#### RECORDS PROVIDED:
════════════════════

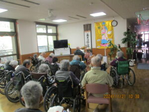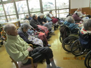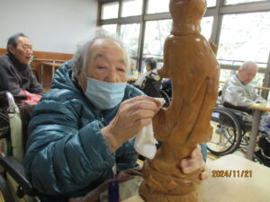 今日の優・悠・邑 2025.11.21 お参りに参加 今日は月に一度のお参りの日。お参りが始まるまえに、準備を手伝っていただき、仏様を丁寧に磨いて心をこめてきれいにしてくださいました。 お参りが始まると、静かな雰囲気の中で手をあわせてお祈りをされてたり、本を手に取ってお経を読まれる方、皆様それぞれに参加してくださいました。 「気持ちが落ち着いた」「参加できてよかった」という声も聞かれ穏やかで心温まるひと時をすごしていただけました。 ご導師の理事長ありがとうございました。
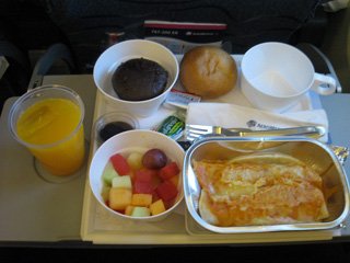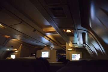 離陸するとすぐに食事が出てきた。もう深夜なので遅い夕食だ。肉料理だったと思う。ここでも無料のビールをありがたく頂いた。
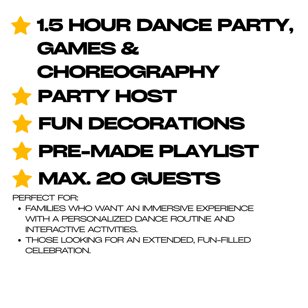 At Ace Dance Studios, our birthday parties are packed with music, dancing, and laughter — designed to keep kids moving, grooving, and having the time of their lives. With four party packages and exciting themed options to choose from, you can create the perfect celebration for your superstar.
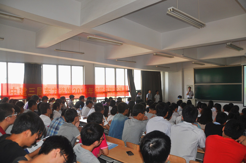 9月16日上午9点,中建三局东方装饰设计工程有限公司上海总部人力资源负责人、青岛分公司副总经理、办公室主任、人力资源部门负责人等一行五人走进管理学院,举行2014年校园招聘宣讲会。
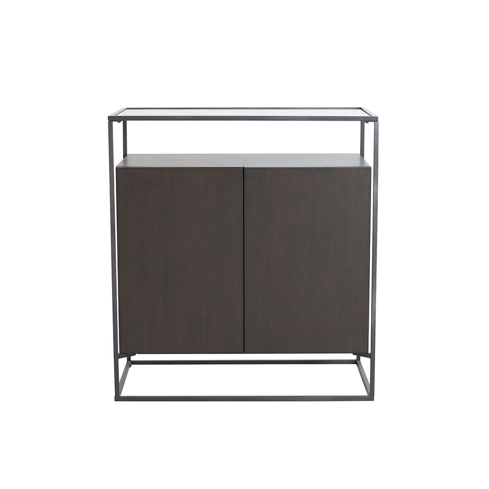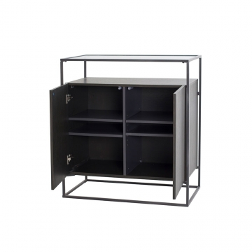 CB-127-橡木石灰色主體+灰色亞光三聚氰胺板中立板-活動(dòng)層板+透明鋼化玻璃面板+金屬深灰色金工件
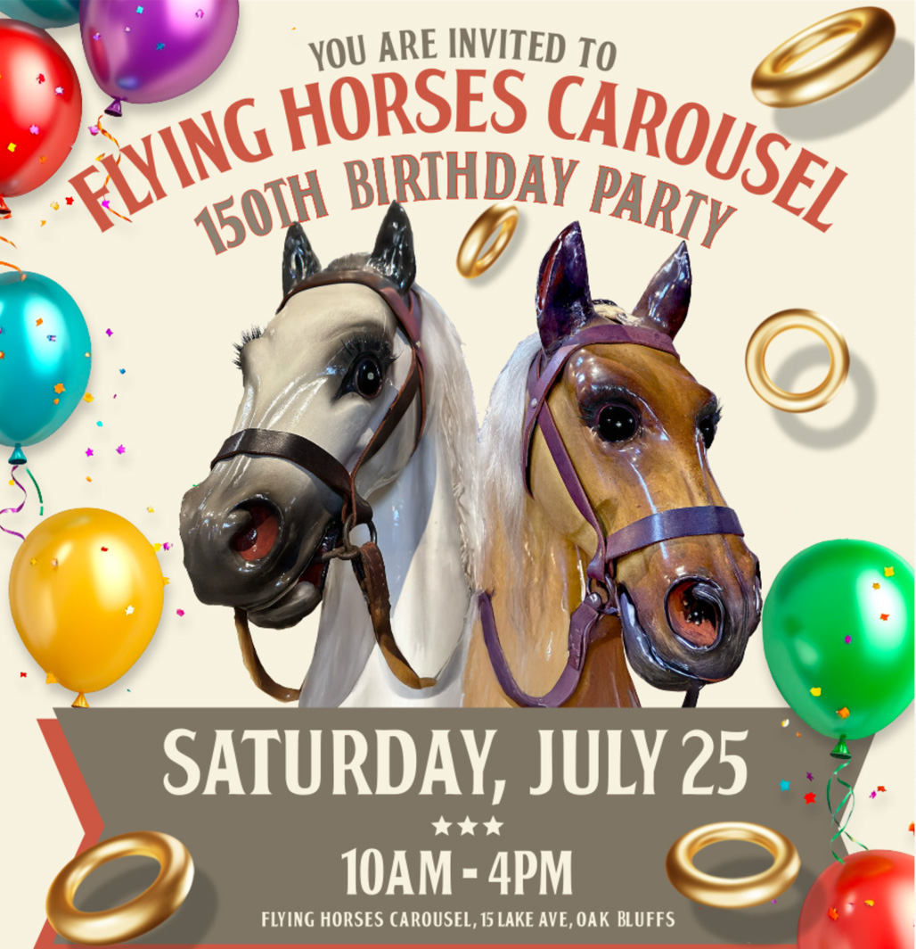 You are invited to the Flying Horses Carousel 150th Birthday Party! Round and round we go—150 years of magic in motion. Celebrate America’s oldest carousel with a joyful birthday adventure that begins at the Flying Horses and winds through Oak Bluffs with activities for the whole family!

════════════════════

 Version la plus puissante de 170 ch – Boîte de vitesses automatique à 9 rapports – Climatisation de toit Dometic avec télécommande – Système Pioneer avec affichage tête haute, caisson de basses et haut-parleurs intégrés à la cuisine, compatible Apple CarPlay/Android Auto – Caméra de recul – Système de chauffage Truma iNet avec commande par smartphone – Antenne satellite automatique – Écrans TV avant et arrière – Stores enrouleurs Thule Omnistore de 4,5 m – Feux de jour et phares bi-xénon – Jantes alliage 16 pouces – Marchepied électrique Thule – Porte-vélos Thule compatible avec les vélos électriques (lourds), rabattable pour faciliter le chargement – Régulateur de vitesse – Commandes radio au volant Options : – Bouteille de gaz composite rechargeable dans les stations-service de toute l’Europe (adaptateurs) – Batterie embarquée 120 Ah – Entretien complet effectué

════════════════════

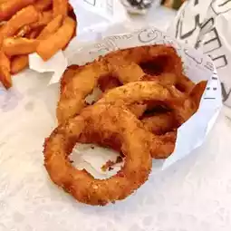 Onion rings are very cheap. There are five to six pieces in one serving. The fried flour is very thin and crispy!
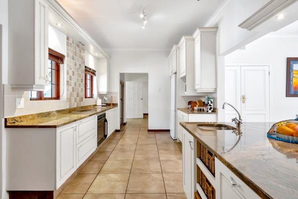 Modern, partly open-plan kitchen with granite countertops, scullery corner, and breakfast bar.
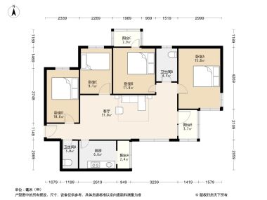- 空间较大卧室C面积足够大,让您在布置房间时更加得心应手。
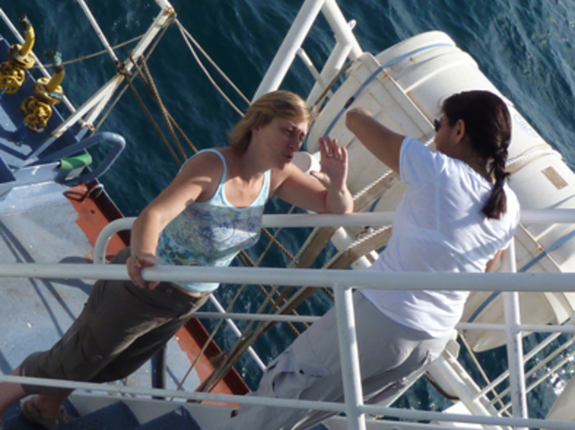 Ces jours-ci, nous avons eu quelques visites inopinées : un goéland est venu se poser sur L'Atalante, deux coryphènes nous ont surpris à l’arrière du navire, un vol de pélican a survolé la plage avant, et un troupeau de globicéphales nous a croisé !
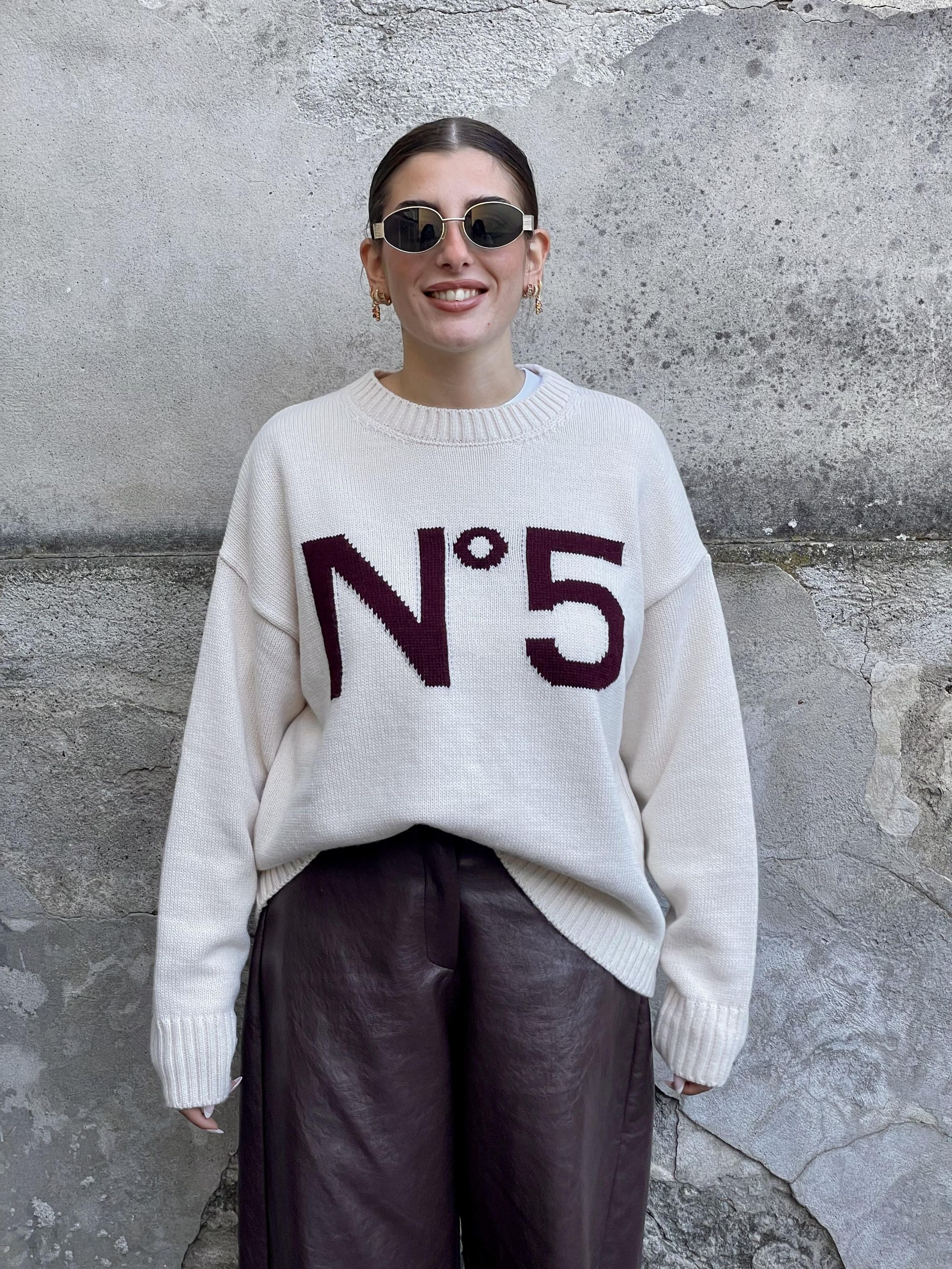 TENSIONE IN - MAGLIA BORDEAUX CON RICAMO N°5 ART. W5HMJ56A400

════════════════════

#### WORK REQUEST:
Please copy the lines above exactly, starting at the line that holds "- 空间较大卧室C面积足够大,让您在布置房间时更加得心应手。" and ending at the line that holds "TENSIONE IN - MAGLIA"; include both, but no pictures.

#### RESPONSE BOX:
- 空间较大卧室C面积足够大,让您在布置房间时更加得心应手。
 Ces jours-ci, nous avons eu quelques visites inopinées : un goéland est venu se poser sur L'Atalante, deux coryphènes nous ont surpris à l’arrière du navire, un vol de pélican a survolé la plage avant, et un troupeau de globicéphales nous a croisé !
 TENSIONE IN - MAGLIA BORDEAUX CON RICAMO N°5 ART. W5HMJ56A400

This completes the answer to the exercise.